There is a rare problem (maybe not possible problem) that might occur with this PR

if the redirect/final URL does not have a query string (no character ?) then:

// Remove URL and query string
$urlBasename = basename($packageURL);
$basename    = substr($urlBasename, 0, strpos($urlBasename, '?'));

$basename will be empty, because substr will return an empty string, because strpos will give FALSE as length parameter

This should be safer :

// Remove URL and query string
$basename = basename($packageURL);
if (strpos($basename, '?'))
{
    $basename = substr($basename , 0, strpos($basename, '?'));
}

[ggppdk]

Please see my above comment

about adding zip as extension

• only in the case that extension is not detected in the redirected URL, is a good sanity check,

Also we can try to grab the extension for the original update URL too,
Besides that is the purpose of &jcompat=my.zip , right ?

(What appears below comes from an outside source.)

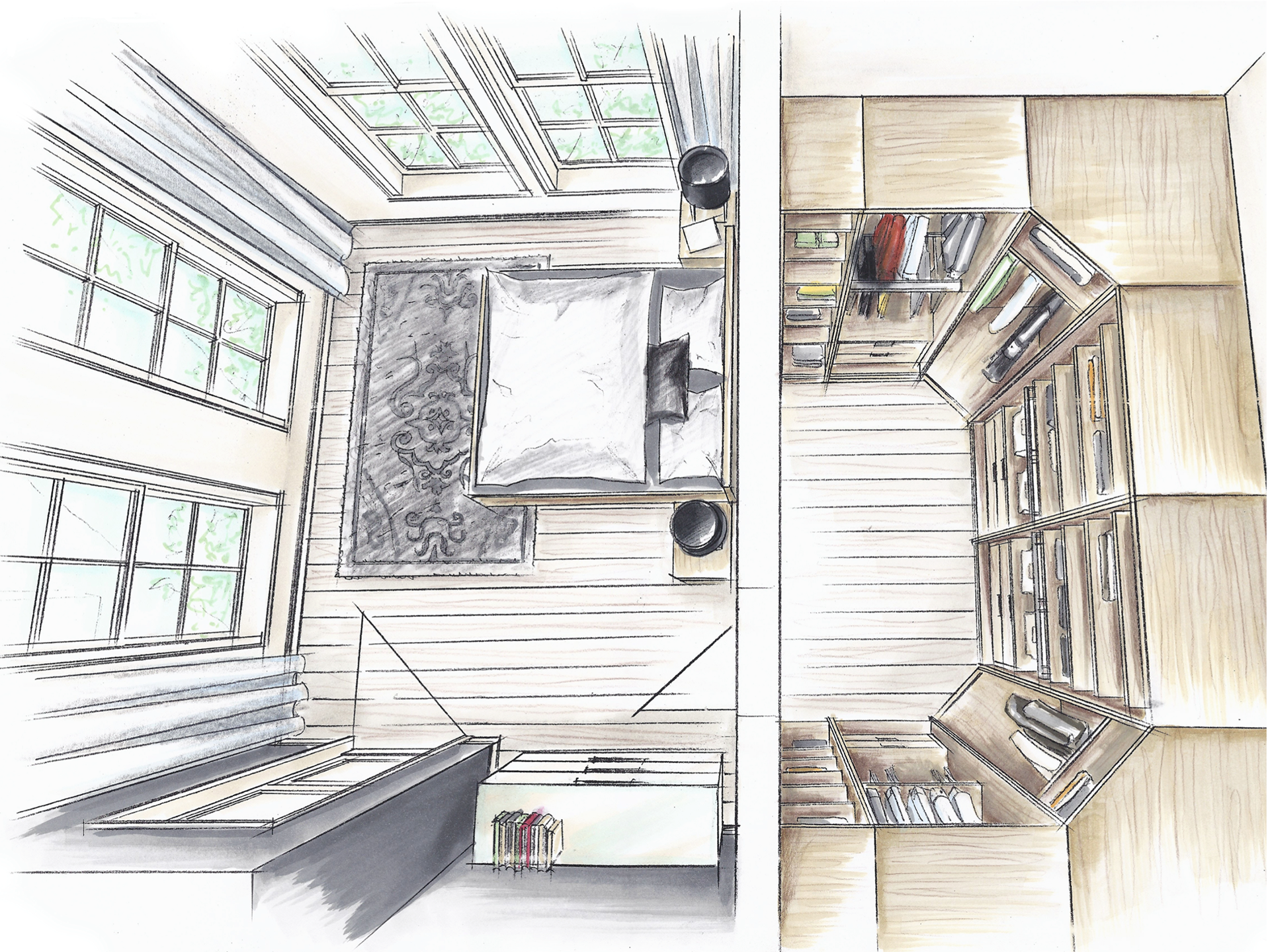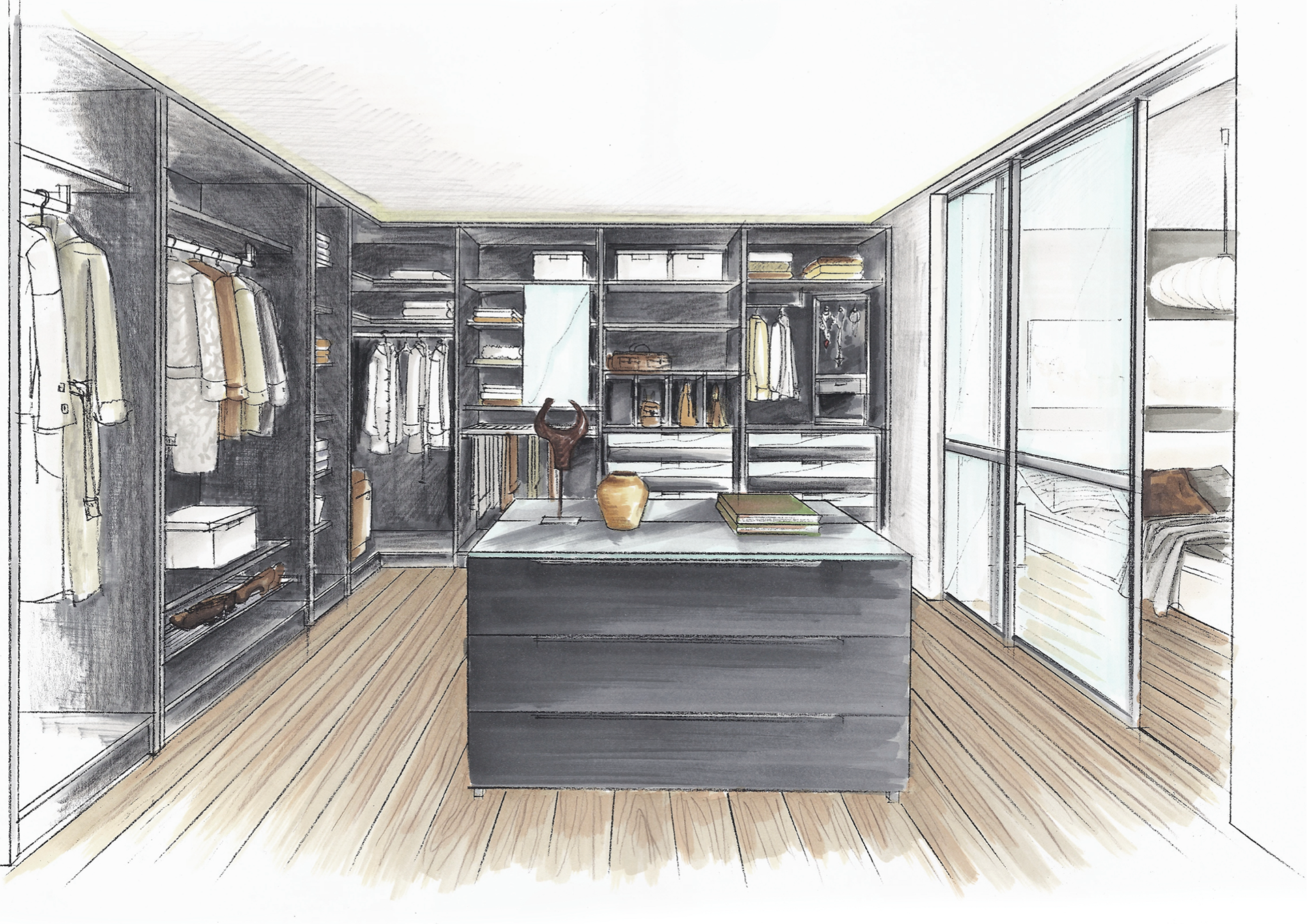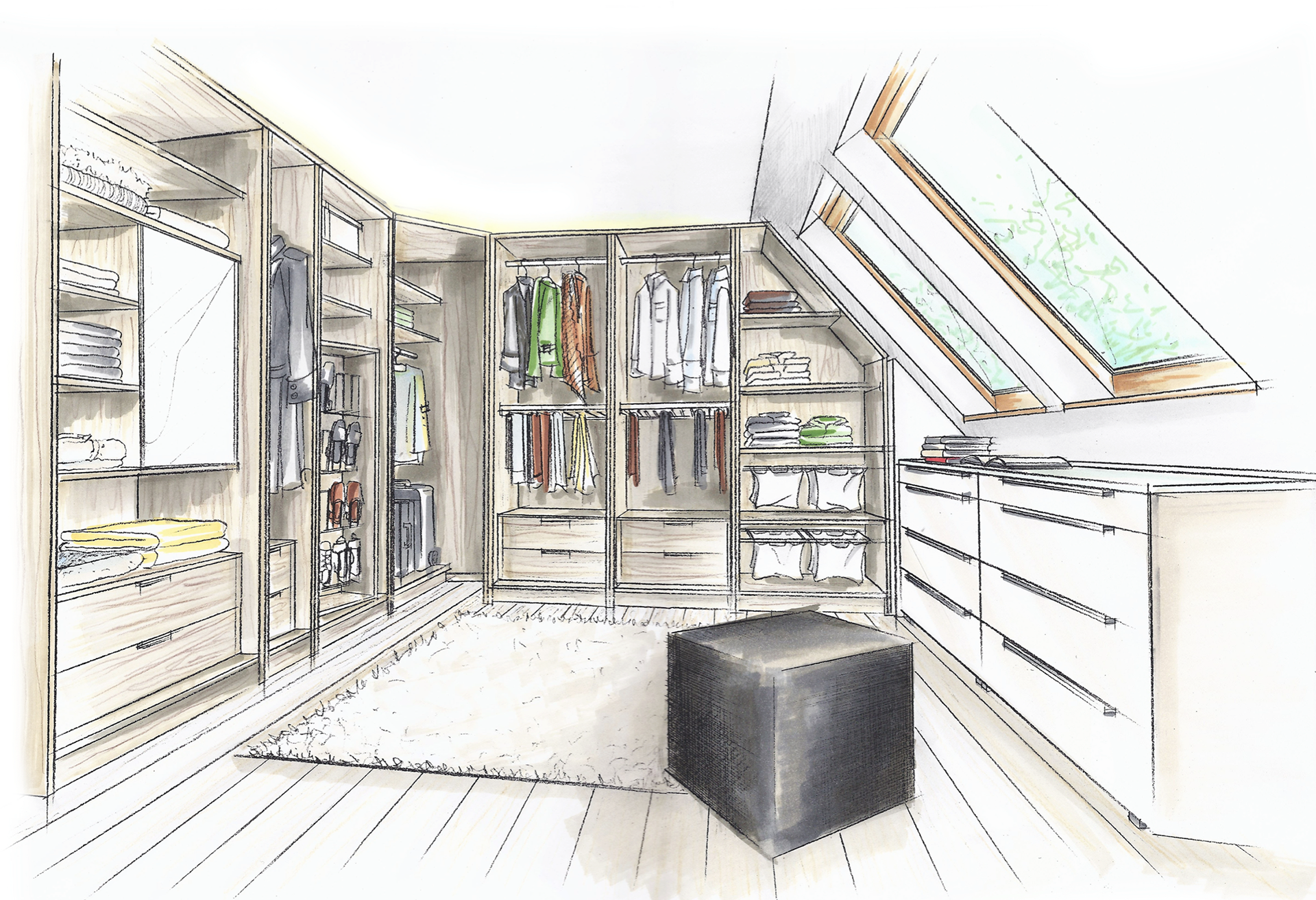 Colorierte Handzeichnungen für das Schranksystem Horizont 3000 für Printmedien

Is it preferable if no extension is detected that upgrade will fail ?
Plus currently as mentioned above, the getUnarchiver() only supports ZIP and joomla will not distrubute packages with JPA or JPS format

[milux]

@ggppdk Thanks for your suggestion, integrated that.
Because of what @mbabker suggested, I don't think that we need to hassle around with the extension any more.
Is this ready for RTC then?

[jeckodevelopment]

Needs tests again and it seems that Travis is not happy

[milux]

Exactly... I just wonder how I made it unhappy? 🤔

[mbabker]

This line, remove the space between $basename and the comma.

[milux]

Thanks, I didn't recognize this when copy-pasting the suggestion of @ggppdk

[milux]

@jeckodevelopment Maybe now? 😉

[jeckodevelopment]

test test test 😄
thanks!

[wojsmol]

I have tested this item ✅ successfully on 4c66273

---

_{This comment was created with the J!Tracker Application at issues.joomla.org/tracker/joomla-cms/12817.}

[milux]

I have tested this item ✅ successfully on 4c66273

---

_{This comment was created with the J!Tracker Application at issues.joomla.org/tracker/joomla-cms/12817.}

[milux]

@jeckodevelopment Done, for the sake of it. (There wasn't really a change, and yes, I actually tested it even though and didn't just press the submit test button. 😉 )

[jeckodevelopment]

RTC

---

_{This comment was created with the J!Tracker Application at issues.joomla.org/tracker/joomla-cms/12817.}

[wojsmol]

Is it planned a new version of the com_joomlaupdate component with this fix before the release of Joomla 3.7.0?

[zero-24]

@wilsonge @rdeutz any plans on this here?

[wilsonge]

No. We only distribute com_joomlaupdate in exceptional circumstances - basically when we make break the updater in a release. All other modifications ship as per the usual release cycle of the CMS

[wojsmol]

@wilsonge Without this fix com_joomlaupdate does not work under Windows. See #12817 (comment) and joomla/joomla-websites#742

[mbabker]

I would suggest someone publish a page with guidance for users on a Windows platform as they cannot direct download and upgrade if the decision is to not release an interim update for the component.

[trzepiz]

@mbabker This is a big global problem for all Windows users and Windows servers. Should I tell everyone in Poland that "One click update" does not work on Windows?.

[mbabker]

It's fixed in the code for 3.7. I can't do anything about any other decisions.

[brianteeman]

How many people run Joomla on a windows server?

[mbabker]

13% of sites sending stats in the last 60 days are Windows. How many of those are local dev versus production, we don't track, but that's definitely a higher use rate than other configurations we support.